Este variado menú internacional acierta en la gran mayoría de fragmentos. Gus Van Sant, el mismo director de Good Will Hunting y Elephant, tiene aquí a su cargo el segmento “Le Marais”, en el cual un hombre desconcertado le cuenta a otro un monólogo sobre una repentina necesidad. También destaca el segmento “Bastille” de Isabel Coixet, en el cual el italiano Sergio Castellitto está a punto de dejar a su esposa, hasta que ella lo sorprende con una ingrata noticia. El segmento "Parc Monceau" de Alfonso Cuarón tiene una trayectoria sorprendente: en una sola toma, nos presenta el recorrido de dos personajes (interpretados por Nick Nolte y Ludivine Sagnier), cuya relación aparentemente conflictiva se va transformando hasta llegar a uno de los niveles más puros del amor.

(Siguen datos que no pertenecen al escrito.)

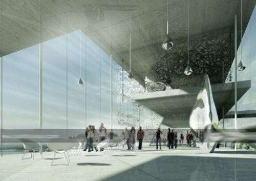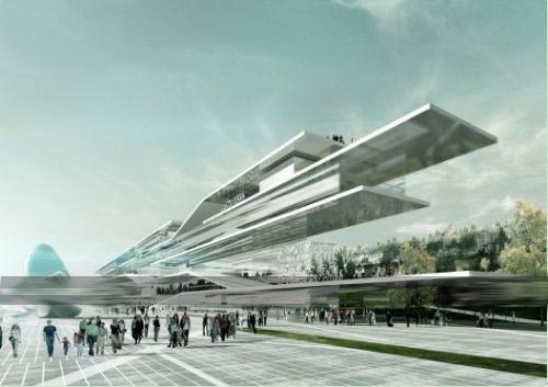 (图片来源:景观中国) 贝尔格莱德的新地标 该建筑物别具一格的造型将为贝尔格莱德市竖立一个新地标。建筑材料主要为混凝土与玻璃,这两种材料一种光滑厚实,一种透明晶莹,彼此形成了强烈的材质对比。建筑物内部空间通透反光,模糊了建筑内外的界限。 该建筑物的设计形式和开发式布局让它极具灵活性,无论是在时间层面还是空间层面。可移动的滑动式外墙与隔墙让建筑可以满足举办各种活动的需要。该建筑可以被视为一个活动式架子,具备举行文化活动与商业活动的综合功能。

Menos fortuna tienen el trivial episodio de amor entre vampiros (a Elijah Wood aún le cuesta desprenderse de la cara de susto de Frodo, ¿no?) y el de un vendedor de productos de belleza, que juega con los límites del absurdo. Aún así, la obra en su conjunto entusiasma por sus múltiples posibilidades narrativas y sirve de modelo a otros proyectos similares, como New York, I Love You, la cual se encuentra en etapa de postproducción y se estrenará el próximo año.

Título original: Paris, je t'aime
País y Año: Francia, 2006
Directores: Ethan Coen, Joel Coen, Isabel Coixet, Wes Craven, Alfonso Cuarón, Alexander Payne, Walter Salles, Gus Van Sant, entre otros.
Actores: Gaspard Ulliel, Steve Buscemi, Catalina Sandino Moreno, Juliette Binoche, Maggie Gyllenhaal, Fanny Ardant, Emily Mortimer, Natalie Portman, Elijah Wood, entre otros.